__Assignment__: Would you please restate all of the entries exactly, apart from the pictures?

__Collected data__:
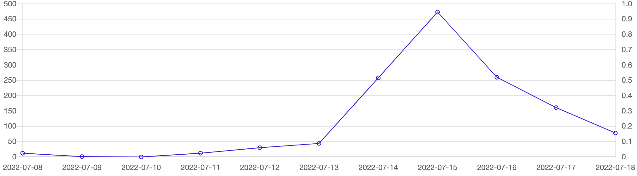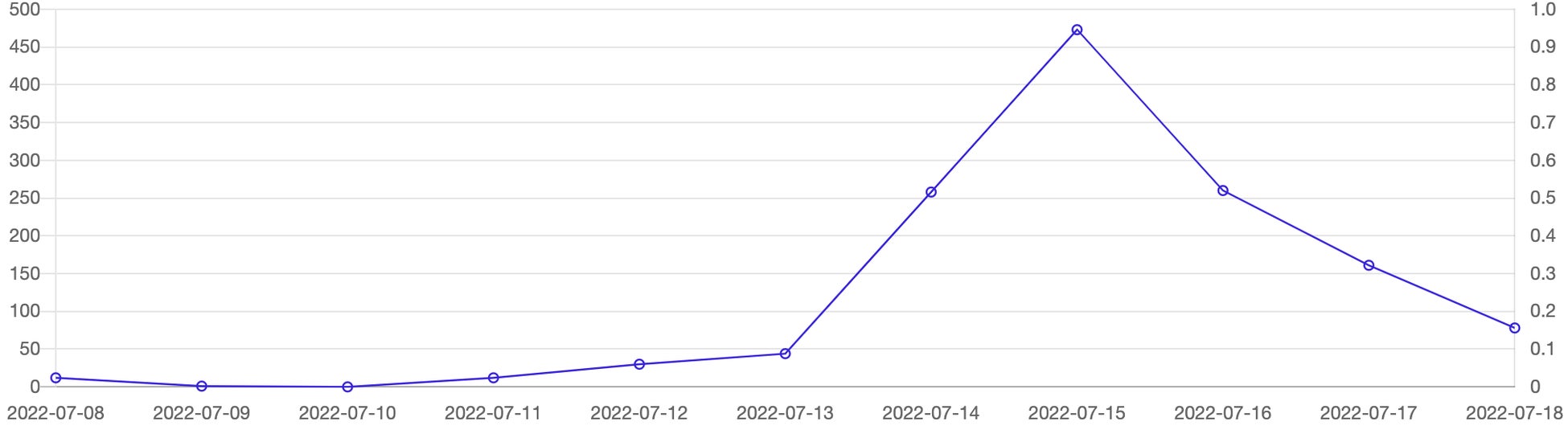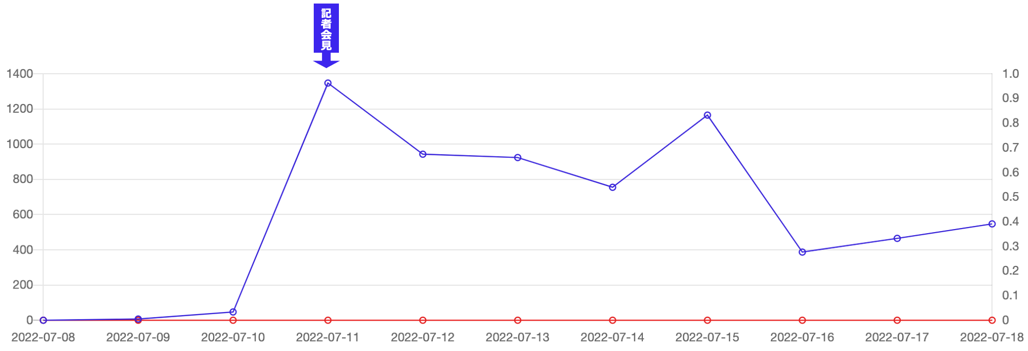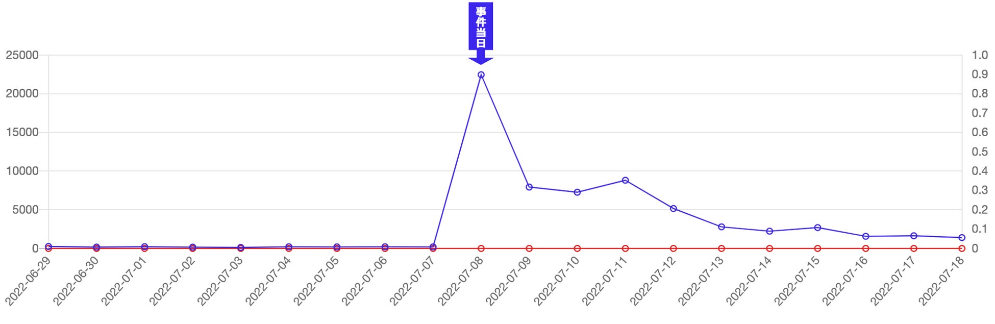 1日に22,460記事という数は巨大です。たとえば現役の岸田首相の6月半ばから1ヶ月の記事数は45,284。今回の事件は、1日に岸田さんのほぼ2週間分の報道を生んだことになります。
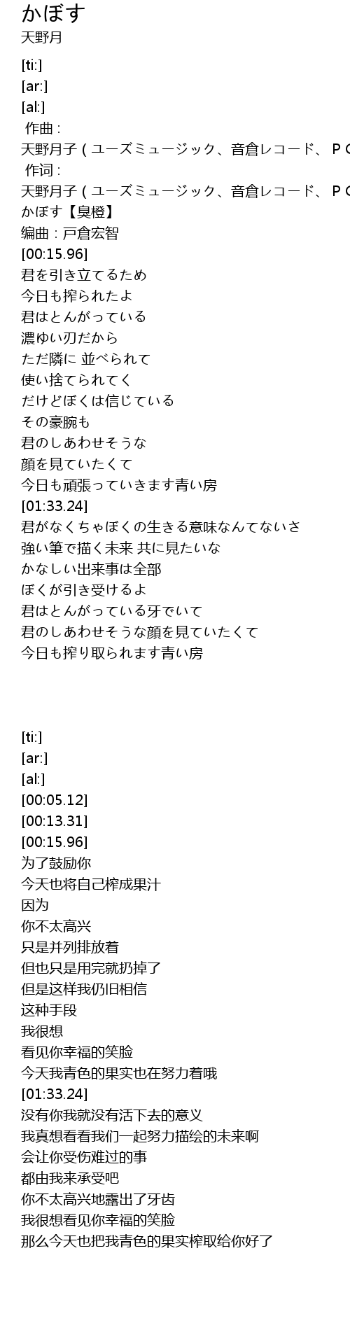 | [02:44.81] | 今日も搾り取られます青い房 |
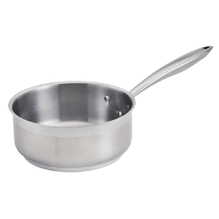 The Browne Foodservice 5724161 Thermalloy® Low Sauce Pan is a 1-1/2 quart capacity kitchen essential, specifically designed to meet the diverse needs of professional chefs and home cooks alike. With a 6-inch diameter and a height of 3-1/5 inches, this sauce pan is engineered for versatility across various cooking platforms, including gas, electric, ceramic, halogen, and induction cooktops. Constructed from high-quality stainless steel, it features a 1/4-inch aluminum core that ensures even heat distribution for precise cooking results. The natural finish offers a sleek, professional appearance, making it a valuable addition to any culinary setup. The stay-cool hollow cast riveted handle provides both safety and durability, allowing for a secure grip even when the pan is heated. Although this model does not include a cover, its design ensures optimal functionality and ease of use. The Browne Foodservice 5724161 is NSF certified, reflecting its adherence to strict public health and safety standards, and it comes in cash and carry packaging for convenient transport. This low sauce pan is an excellent choice for those in the food service industry seeking reliable cookware that combines technical precision with practical applications.
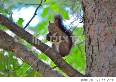 どんぐりを食べるリス、岐阜県金華山のリス村
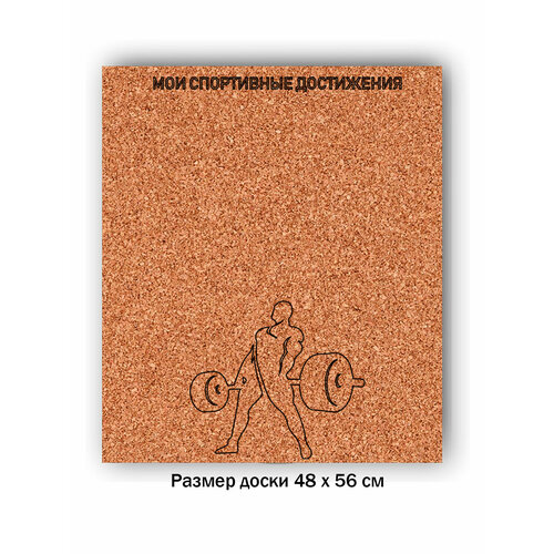 Пробковая доска без рамки на стену ' Спорт достижения ' 56х48х2 см. (Атлет со штангой Победа Приз Медаль Кубок)

__Exercise response__:
 1日に22,460記事という数は巨大です。たとえば現役の岸田首相の6月半ばから1ヶ月の記事数は45,284。今回の事件は、1日に岸田さんのほぼ2週間分の報道を生んだことになります。
 | [02:44.81] | 今日も搾り取られます青い房 |
 The Browne Foodservice 5724161 Thermalloy® Low Sauce Pan is a 1-1/2 quart capacity kitchen essential, specifically designed to meet the diverse needs of professional chefs and home cooks alike. With a 6-inch diameter and a height of 3-1/5 inches, this sauce pan is engineered for versatility across various cooking platforms, including gas, electric, ceramic, halogen, and induction cooktops. Constructed from high-quality stainless steel, it features a 1/4-inch aluminum core that ensures even heat distribution for precise cooking results. The natural finish offers a sleek, professional appearance, making it a valuable addition to any culinary setup. The stay-cool hollow cast riveted handle provides both safety and durability, allowing for a secure grip even when the pan is heated. Although this model does not include a cover, its design ensures optimal functionality and ease of use. The Browne Foodservice 5724161 is NSF certified, reflecting its adherence to strict public health and safety standards, and it comes in cash and carry packaging for convenient transport. This low sauce pan is an excellent choice for those in the food service industry seeking reliable cookware that combines technical precision with practical applications.
 どんぐりを食べるリス、岐阜県金華山のリス村
 Пробковая доска без рамки на стену ' Спорт достижения ' 56х48х2 см. (Атлет со штангой Победа Приз Медаль Кубок)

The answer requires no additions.